(WORK ITEM): Your answer should be the records again, unchanged in wording and free of images.

[[ TASK INPUT, beginning ]]

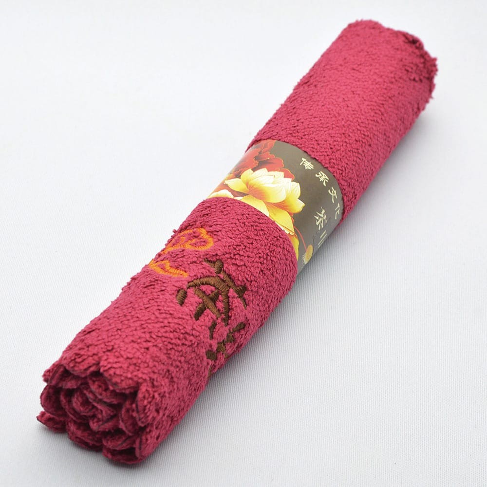 茶経とは茶聖と呼ばれる陸羽が唐代に著した世界最古の茶書のこと。茶経の文字と雲の図案がかわいらしい厚手の茶巾です。こちらはワインレッドタイプです。
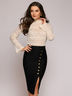 Блузка цвета ванильного мороженого выполнена из изысканного кружева, поэтому подойдет даже для самых важных событий. Обратите внимание на детали: длинные расклешенные рукава и воротник-стойку.
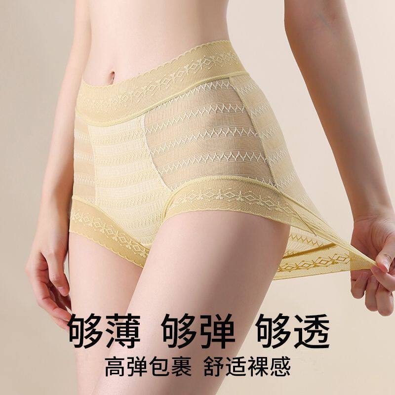 加长档高腰女款内裤女颜控蕾丝纯欲无痕收腹收小肚子女士大码短裤
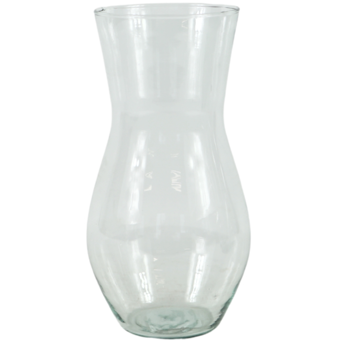 Transparent glass vase with narrow neck and round base. The Nicola vase is 24 cm high and ideal for medium-sized bouquets or single flowers. Its timeless design fits any interior and provides an elegant look on a table or windowsill.
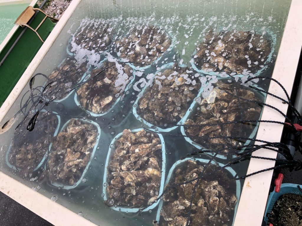 タンクに24時間つけて泥などを吐き出させキレイなカキにして加工します。
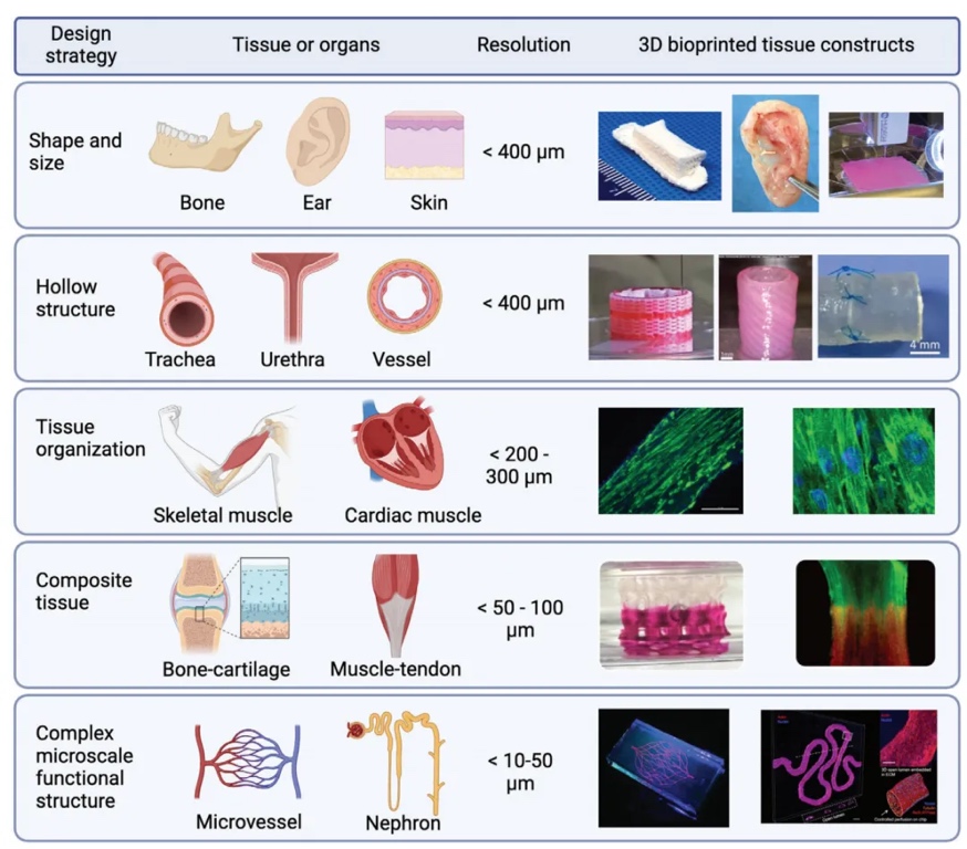 生物3D打印策略旨在创建适合临床应用的组织构造,并有可能设计各种组织类型。制造组织或器官的主要考虑因素之一是必须采用能够准确模拟目标组织或器官结构和功能的设计策略。这需要深入了解被复制的组织或器官的解剖和功能方面。生物3D打印的优势在于它能够有效地实施这种设计策略,从而可以创建与其自然等同物非常相似的精确组织或器官模型。
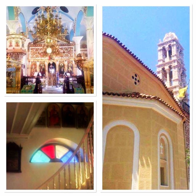 I eventually found myself in the Church of the Nativity of the Blessed Virgin (Panagia Limnia) high up in Skiathos Town’s upper neighbourhood. Built in 1838, its beautiful bell tower can be seen from the boat approaching the town. The skull was indeed inside the church, hidden away upstairs beneath a silk sheet. I had a feeling of trepidation as I followed the church warden up the stairs and must admit that the viewing was an unexpectedly slightly grizzly experience.

[[ TASK INPUT, end ]]

(SOLUTION):
 茶経とは茶聖と呼ばれる陸羽が唐代に著した世界最古の茶書のこと。茶経の文字と雲の図案がかわいらしい厚手の茶巾です。こちらはワインレッドタイプです。
 Блузка цвета ванильного мороженого выполнена из изысканного кружева, поэтому подойдет даже для самых важных событий. Обратите внимание на детали: длинные расклешенные рукава и воротник-стойку.
 加长档高腰女款内裤女颜控蕾丝纯欲无痕收腹收小肚子女士大码短裤
 Transparent glass vase with narrow neck and round base. The Nicola vase is 24 cm high and ideal for medium-sized bouquets or single flowers. Its timeless design fits any interior and provides an elegant look on a table or windowsill.
 タンクに24時間つけて泥などを吐き出させキレイなカキにして加工します。
 生物3D打印策略旨在创建适合临床应用的组织构造,并有可能设计各种组织类型。制造组织或器官的主要考虑因素之一是必须采用能够准确模拟目标组织或器官结构和功能的设计策略。这需要深入了解被复制的组织或器官的解剖和功能方面。生物3D打印的优势在于它能够有效地实施这种设计策略,从而可以创建与其自然等同物非常相似的精确组织或器官模型。
 I eventually found myself in the Church of the Nativity of the Blessed Virgin (Panagia Limnia) high up in Skiathos Town’s upper neighbourhood. Built in 1838, its beautiful bell tower can be seen from the boat approaching the town. The skull was indeed inside the church, hidden away upstairs beneath a silk sheet. I had a feeling of trepidation as I followed the church warden up the stairs and must admit that the viewing was an unexpectedly slightly grizzly experience.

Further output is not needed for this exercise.